The nearest neighbor graph is a nice approach, but it relies on the fact that “close” points should belong in the same cluster. Depending on your data, that might not be true. A more general approach is to construct an affinity matrix. An affinity matrix is just like an adjacency matrix, except the value for a pair of points expresses how similar those points are to each other. If pairs of points are very dissimilar then the affinity should be 0. If the points are identical, then the affinity might be 1. In this way, the affinity acts like the weights for the edges on our graph.

How to decide on what it means for two data points to be similar is one of the most important questions in machine learning. Often domain knowledge is the best way to construct a similarity measure. If you have access to domain experts, ask them this question.

There are also entire fields dedicated to learning how to construct similarity metrics directly from data.
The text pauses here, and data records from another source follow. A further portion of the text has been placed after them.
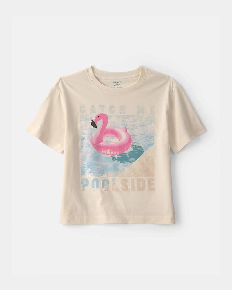 Girls 'Catch Me Poolside' Flamingo Graphic Tee - Cream
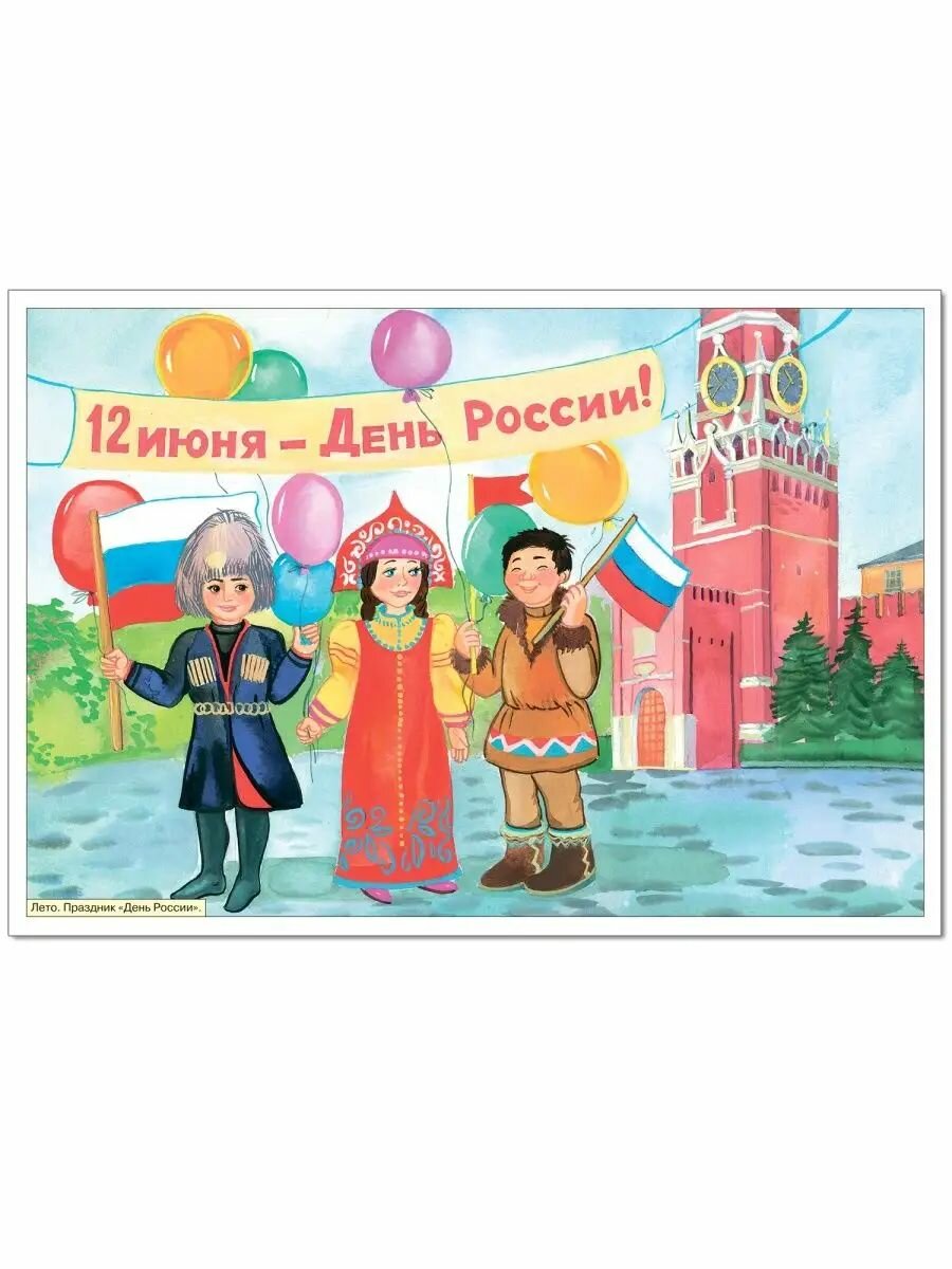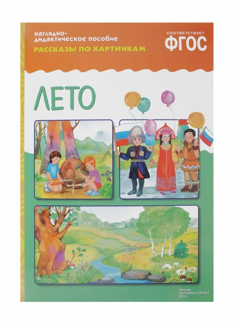 Наглядно-дидактическое пособие «Лето» серии «Рассказы по картинкам» предназначено для развития связной речи у детей 3-7 лет на групповых и индивидуальных занятиях в детском саду и дома. В пособии представлены 8 красочных иллюстраций на тему «Лето» (праздник «День России», работа в огороде и др.). Данный наглядный материал с успехом может быть использован на занятиях по ознакомлению с окружающим миром, для развития речи и мышления, в логопедических играх, для развития логического мышления.
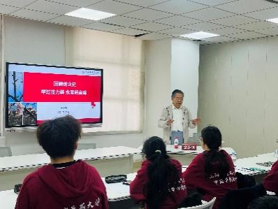 紧接着,余校长通过对中医教育发展的回顾,讲述了从古至今的官办医学教育、现代办学方式的中医教育机构和上海民办中医教育机构。随后,余校长介绍上中医建院及大学历史沿革,同学们在余校长的带领下,一同回顾了1956年成立、1984年合署、1993年更名、2003年东迁和2017年至今的学校发展的点点滴滴。回顾校史,同学们收获颇丰,增强了对学校的归属感与认同感,更激励同学们弘扬前辈精神,攀登时代高峰,接过新时代接力棒,牢记中药人守正创新的责任使命。
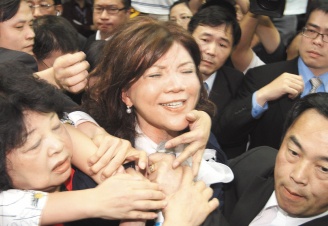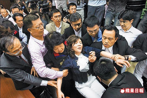 臺(tái)“立法院教育及文化委員會(huì)”上午排定審查陸生來(lái)臺(tái)相關(guān)“法案”,擔(dān)任會(huì)議主席的國(guó)民黨籍民意代表趙麗云(左)要宣布會(huì)議開(kāi)始,卻被民進(jìn)黨籍民代管碧玲(右)用力抱住,兩人抱成一團(tuán),表情痛苦。圖片來(lái)源:臺(tái)灣《聯(lián)合報(bào)》
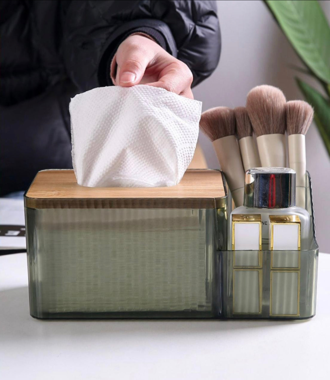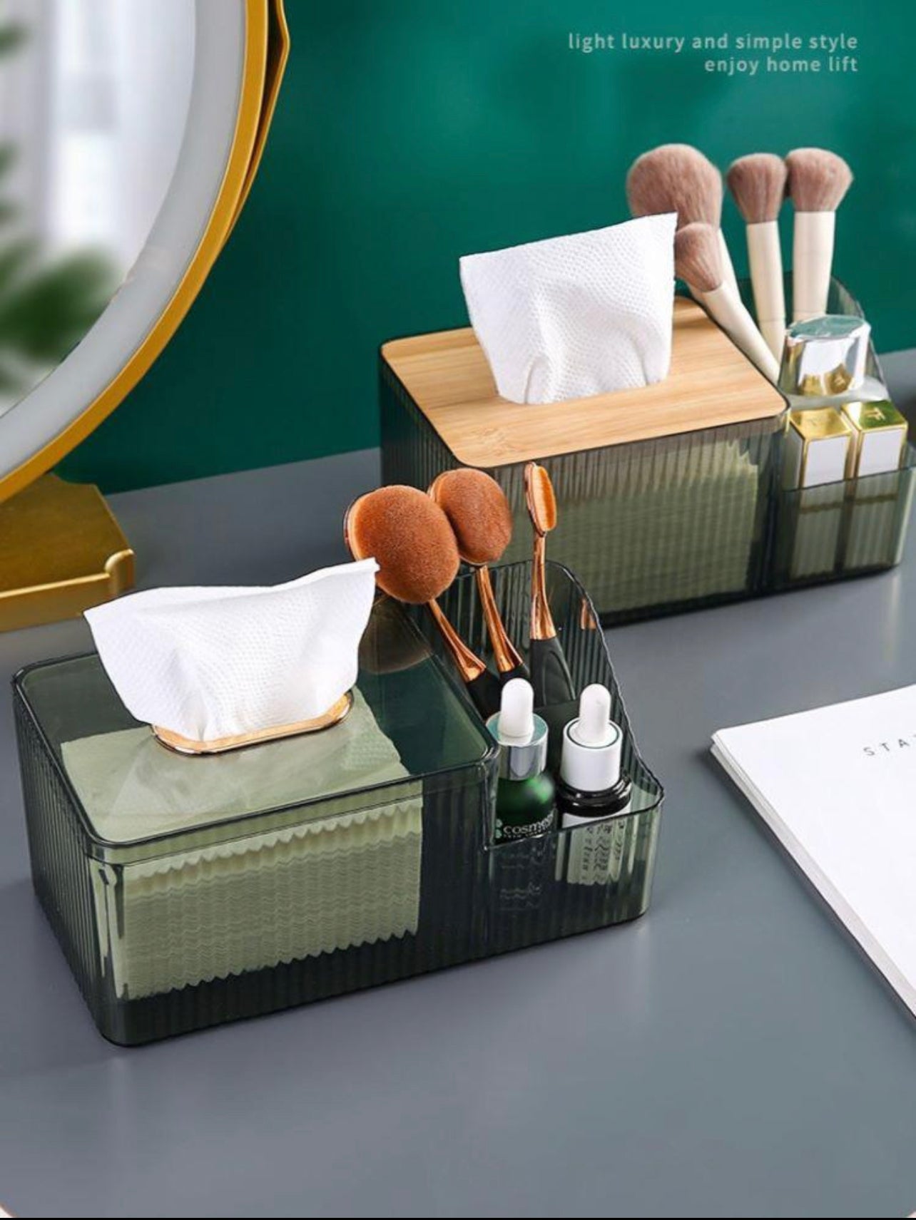 2 x compartments that may be used to store cotton pads/ swabs/ lipstick/ beauty blenders/ remotes etc
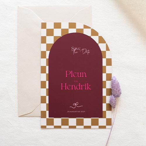 Hippe Save the Date kaart met een kleurrijk ontwerp. Een blokjes achtergrond in okergeel en beige tinten op de voorzijde. De achterzijde in oudroze met burgundy red. Op de voorzijde is een felroze kleur toegevoegd als afstekende kleur.
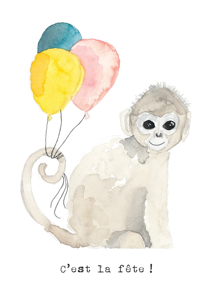 - Dessin d'un petit singe tenant des ballons avec texte: C'est la fête! sur le dessus de la carte.
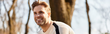 A charming man walks confidently, smiling in a vibrant park on a bright day, exuding joy.
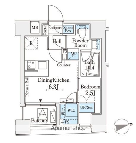 | 専有面積 | 25.12㎡ (7.59坪) | バルコニー面積 | 3.00㎡ (0.90坪) |
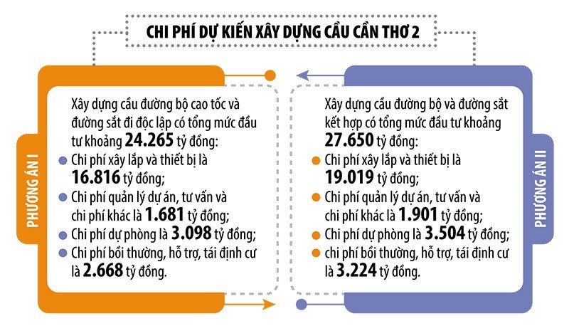 Ước tính, tổng kinh phí xây dựng phương án cầu đường bộ cao tốc và đường sắt đi độc lập là 33.989 tỷ đồng (trong đó riêng cầu đường sắt cần tới 9.724 tỷ đồng), lớn hơn so với phương án cầu đường bộ kết hợp với đường sắt là 6.339 tỷ đồng.

For example, if you have some labeled data, you can train a classifier to predict whether two inputs are similar or not based on if they have the same label. This classifier can then be used to assign affinity to pairs of unlabeled points.

## Conclusion

We’ve covered the theory and application of spectral clustering for both graphs and arbitrary data. Spectral clustering is a flexible approach for finding clusters when your data doesn’t meet the requirements of other common algorithms.

First, we formed a graph between our data points. The edges of the graph capture the similarities between the points. The eigenvalues of the Graph Laplacian can then be used to find the best number of clusters, and the eigenvectors can be used to find the actual cluster labels.

I hope you enjoyed this post and find spectral clustering useful in your work or exploration.